TRAIL-R3 -related apoptosis: Epigenetic and expression analyses in women with ovarian neoplasia

• Published in: Gynecologic oncology Vol. 126; no. 2; pp. 268 - 273
• Main Authors: Braga, Letícia da Conceição, Álvares da Silva Ramos, Ana Paula, Traiman, Paulo, Silva, Luciana Maria, Lopes da Silva-Filho, Agnaldo
• Format: Journal Article
• Language: English
• Published: United States Elsevier Inc 01.08.2012
• Subjects: Apoptosis - physiology; Cell Line, Tumor; Cystadenocarcinoma, Serous - genetics; Cystadenocarcinoma, Serous - metabolism; Cystadenocarcinoma, Serous - pathology; Decoy receptor; Disease-Free Survival; DNA Methylation; Epigenomics; Female; Gene expression; Gene Expression Regulation, Neoplastic; GPI-Linked Proteins - biosynthesis; GPI-Linked Proteins - genetics; Hematology, Oncology and Palliative Medicine; Humans; Methylation; Middle Aged; Obstetrics and Gynecology; Ovarian cancer; Ovarian Neoplasms - genetics; Ovarian Neoplasms - metabolism; Ovarian Neoplasms - pathology; Prospective Studies; Receptors, Tumor Necrosis Factor, Member 10c; TRAIL-R3; Tumor Necrosis Factor Decoy Receptors - biosynthesis; Tumor Necrosis Factor Decoy Receptors - genetics; Decoy receptor; TRAIL-R3; Gene expression; Methylation; Ovarian cancer
• ISSN: 0090-8258; 1095-6859
• DOI: 10.1016/j.ygyno.2012.04.038

Abstract Objective To assess the expression of TRAIL - R3 and the methylation of a CpG island within the TRAIL-R3 promoter both in cystadenoma tumors and primary and metastatic epithelial ovarian carcinoma (EOC). Methods RNA was obtained from women with normal ovarian (NO) tissues (n = 18), ovarian serous cystadenoma tumors (n = 11) and EOC (n = 16) using Trizol®. Quantitative PCR (qRT-PCR) was performed to quantify the relative levels of TRAIL-R3 . The methylation frequency of the CpG island in the TRAIL-R3 promoter was assessed using the methylation-specific PCR (MSP) assay after DNA bisulfite conversion.
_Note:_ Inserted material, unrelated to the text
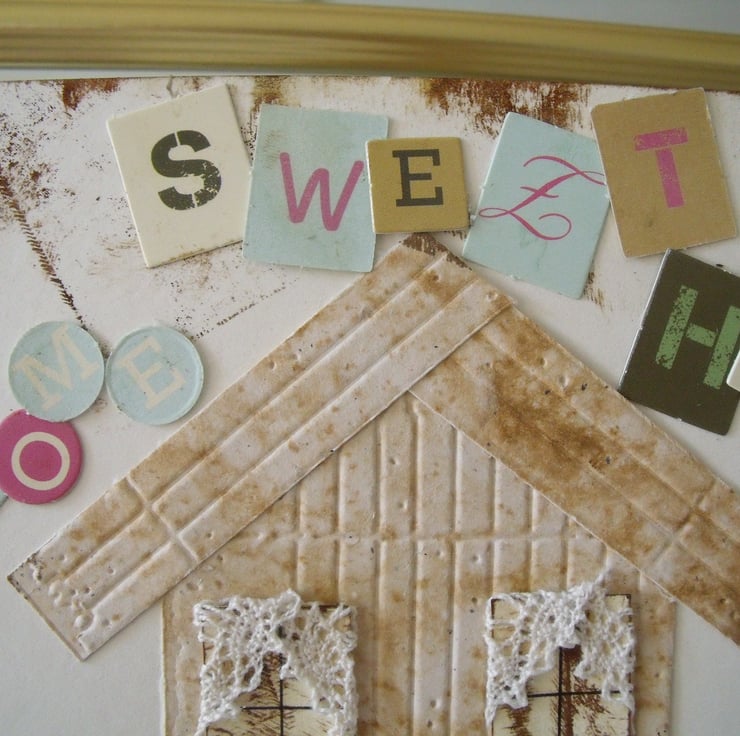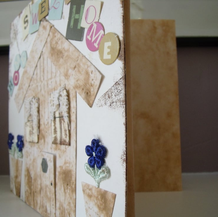 A shabby shed made from embossed coffee card. Cotton lace curtains and No 7 on the door which opens. Two plant pots with fabric flowers. Home Sweet Home added with cut out card letters.

The differences between the groups were evaluated using the chi-square, Student's t, ANOVA, Mann–Whitney U, Wilcoxon or Kruskal–Wallis tests as indicated. The survival rates were calculated using the Kaplan–Meier method. Results Cystadenoma and metastatic EOC tumors expressed significantly more TRAIL-R3 mRNA than primary EOC tumors. Methylation of the TRAIL-R3 promoter was absent in NO tissues, while hemimethylation of the TRAIL-R3 promoter was frequently found in the neoplasia samples with 45.4% of the cystadenoma tumors, 8.3% of the primary EOC samples and 11.1% of the metastatic EOC samples showing at least partial methylation (p = 0.018). Neither the expression of TRAIL-R3 nor alterations in the methylation profile were associated to cumulative progression-free survival or the overall survival in EOC patients. Conclusions Primary EOC is associated to a lower TRAIL-R3 expression, which leads to a better understanding of the complex disease and highlighting potential therapeutic targets. Promoter DNA methylation was not related to this finding, suggesting the presence of other mechanisms to transcriptional control.